Among the objects of the invention are:
1. To provide a hard phosphor grain coated with wax or plastic and useful for tagging explosives.
2. To provide a coating layer in (1) of a wax or plastic composition having a high specific heat.
3. To provide a coating layer as in (2) wherein the wax or plastic composition comprises a hydrocarbon.
4. To provide a coating layer as in (3) comprising a low molecular weight polyethylene, or paraffin and microcrystalline wax with one or more of carnauba wax, low molecular weight polyethylene or ethylene/vinyl copolymer.
5. To provide a coating as in (3) wherein the coating is a paraffin wax coated with graphite.
6. To provide a coating as in (1) to (5) wherein a UV opacifier or a coloring agent or an antistatic agent or mixtures thereof is included.
Further objects will become apparent from the following description of the invention and the claims appended thereto.
U.S. Pat. No. 3,772,099, issued Nov. 13, 1973 to Fredrick M. Ryan and Robert C. Miller and assigned to Westinghouse Electric Corporation is incorporated by reference herewith. This patent describes fluorescent tagging means for explosives to provide post detonation information comprising (1) a spotting phosphor which can be excited by UV radiation to provide a bandtype emission and (2) a coding phosphor which emits a line-type emission.
Both phosphors are incorporated into cemented phosphor grains of fine particle size which are dispersed in the explosive. After an explosion, phosphor grains can be located by UV irradiation of the spotting phosphor and the information on the coding phosphor can then be decoded.

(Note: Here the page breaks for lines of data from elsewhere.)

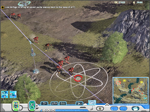 The sixth fragment is located to the north of your main base. I would recommend going there in a straight line, because you'll find an alternative route which leads to an enemy base. You'll have to use it in a few minutes, so it's best to know where exactly it is. Vertigo will probably encounter several Grunt units along the way. You may try neutralizing them or you may focus only on collecting the sixth fragment of the portal. Obviously you will have to transport this object back to the base. Now you must continue building your army, so you'll achieve the limit which is 90 points (points doesn't equal units, because larger units take more than one point).
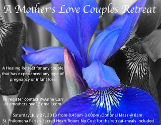 If you have lost a child during pregnancy or infancy I encourage you to attend the A Mother's Love retreat on Saturday, July 27th at St. Philomena's in Peoria, IL. Meals are provided, it is open to couples and is free of charge. Please register with RyAnne by emailing [email protected]. Also, please note that while it is done from a Catholic perspective it is open to parents of all faith backgrounds. You can also find more information at RyAnne's blog, Good Grief!
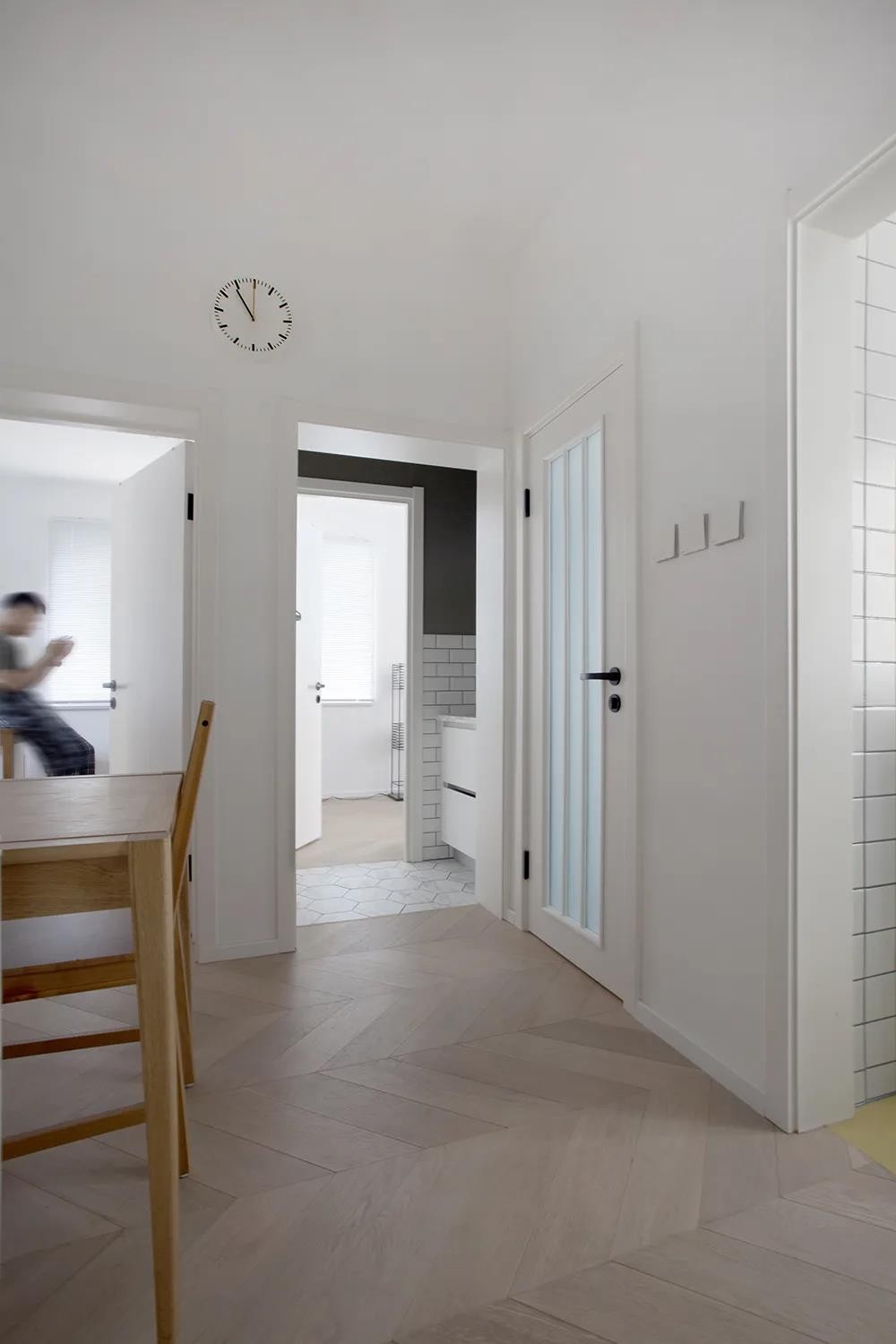 过道空间简约优雅的空间,墙面挂一个极简的时钟,提升空间的实用与情趣感;卫生间墙面是实木+玻璃门组合的组合,质感优雅又能增加采光,还有过道的工字砖等相呼应,显得更加文艺优雅。
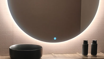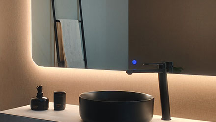Diseño que inspira. Tecnología que simplifica. — Cada uno de nuestros espejos está equipado con iluminación ambiental trasera, un foco superior retráctil y activación táctil, para que disfrutes de una experiencia única frente al espejo.
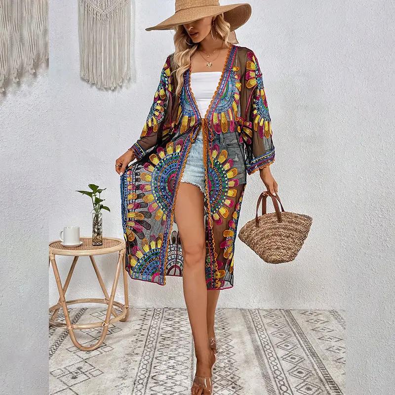 Material: Dieser Strandrock-Cardigan besteht aus 100 % Polyester, ist leicht und atmungsaktiv, perfekt für heiße Sommertage am Meer.

The spotting phosphor is typically an inexpensive phosphor emitting over a fairly broad region of the visible spectrum and is used primarily as a means of locating the phosphor grain. The coding phosphor contains information about the explosive, such as the manufacturer and the type. This information is contained in a binary code which is established by the presence (or absence) of the specific fluorescence emission of each coding phosphor. For maximum recovery after detonation consistent with minimum grain concentration in the explosive, the optimum particle size is about 250-400 microns. While very effective in their intended use, it has been found that the hard abrasive phosphor grains greatly increase the impact and friction sensitivity of the explosive. Obviously, this poses a serious and dangerous problem particularly when the grains are to be added to normally sensitive explosives such as gelatinous type dynamites. We have discovered that the application to the grains to a wax, modified wax or plastic coating of sufficient thickness can eliminate the sensitizing effect of the phosphor particles.

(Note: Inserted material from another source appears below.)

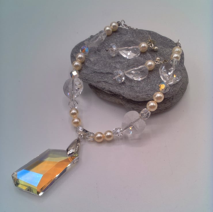 Crystal Pendant on a Pearl and Crystal Necklace and Earrings, Gift for Her

While various plastics and the petroleum, animal or vegetable waxes and mixtures thereof can be used to coat the particle, for best results the choice is limited to those that have such desirable properties as high melting point, strength, hardness, resistance to blocking (flow freely), lubricity and compatibility with the explosive. The melting point of the coating should be at least 70 to prevent softening of the coating and agglomeration of the coated grains during periods of high ambient temperature. Since the coated grains may have to be stored or transported under conditions of high ambient temperatures, the coating should retain its integrity and not become sticky below about 66 strength, hardness and lubricity, the coating material must be hard and strong enough to withstand easy deformation and rub-off, yet soft enough to provide good lubricity under impact.
It is known that there is a correlation between impact sensitivity of an explosive/additive mixture and the specific heat of the additive. Accordingly, aliphatic hydrocarbons such as paraffin and microcrystalline waxes and low molecular weight polyethylenes are preferred as coaters because they have the highest hydrogen-to-carbon ratio obtainable from organic compounds and thus have high specific heat values. However, a hard natural wax such as carnauba, while not as preferred, is useful in coating the phosphors.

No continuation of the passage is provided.